Chronic activation of CB2 cannabinoid receptors in the hippocampus increases excitatory synaptic transmission

Jimok Kim, Yong Li

Research output: Contribution to journalArticle

47 Citations (Scopus)

Abstract

Key points: The effects of cannabinoids are primarily mediated by two types of cannabinoid receptors, CB1 receptors in the nervous system and CB2 receptors in the immune system. Recent evidence indicates that CB2 receptors are also widely expressed in the brain and involved in neuropsychiatric functions, such as schizophrenia-like behaviours, anxiety, memory, vomiting and pain. The cellular mechanisms by which CB2 receptors regulate neuronal functions are unknown. We show that chronic activation of CB2 receptors in the hippocampus for 7-10 days increases excitatory synaptic transmission, whereas short-term activation of CB2 receptors has little effect on synaptic activity. This study reveals a novel role of CB2 receptors in the brain, which is clearly distinct from that of CB1 receptors, and thus, will help us to understand better the diverse effects of cannabinoids in the nervous system. The roles of CB1 cannabinoid receptors in regulating neuronal activity have been extensively characterized.
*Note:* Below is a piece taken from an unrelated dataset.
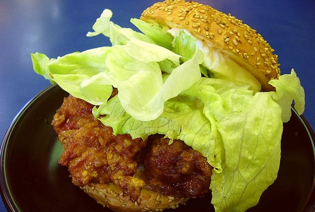 Lucky Pierrot is a local fast food restaurant chain. The most popular item is the Chinese chicken burger sandwiching fried chicken and lettuce. In addition, they have some really tall hamburgers that are best eaten by two people.

Although early studies show that CB1 receptors are present in the nervous system and CB2 cannabinoid receptors are in the immune system, recent evidence indicates that CB2 receptors are also expressed in the brain. Activation or blockade of CB2 receptors in vivo induces neuropsychiatric effects, but the cellular mechanisms of CB2 receptor function are unclear. The aim of this study is to determine how activation of CB2 receptors present in the hippocampus regulates synaptic function. Here, we show that when organotypic cultures of rodent hippocampal slices were treated with a CB2 receptor agonist (JWH133 or GP1a) for 7-10 days, quantal glutamate release became more frequent and spine density was increased via extracellular signal-regulated kinases. Chronic intraperitoneal injection of JWH133 into mice also increased excitatory synaptic transmission. These effects were blocked by a CB2 receptor antagonist (SR144528) or absent from hippocampal slices of CB2 receptor knock-out mice. This study reveals a novel cellular function of CB2 cannabinoid receptors in the hippocampus and provides insights into how cannabinoid receptor subtypes diversify the roles of cannabinoids in the brain.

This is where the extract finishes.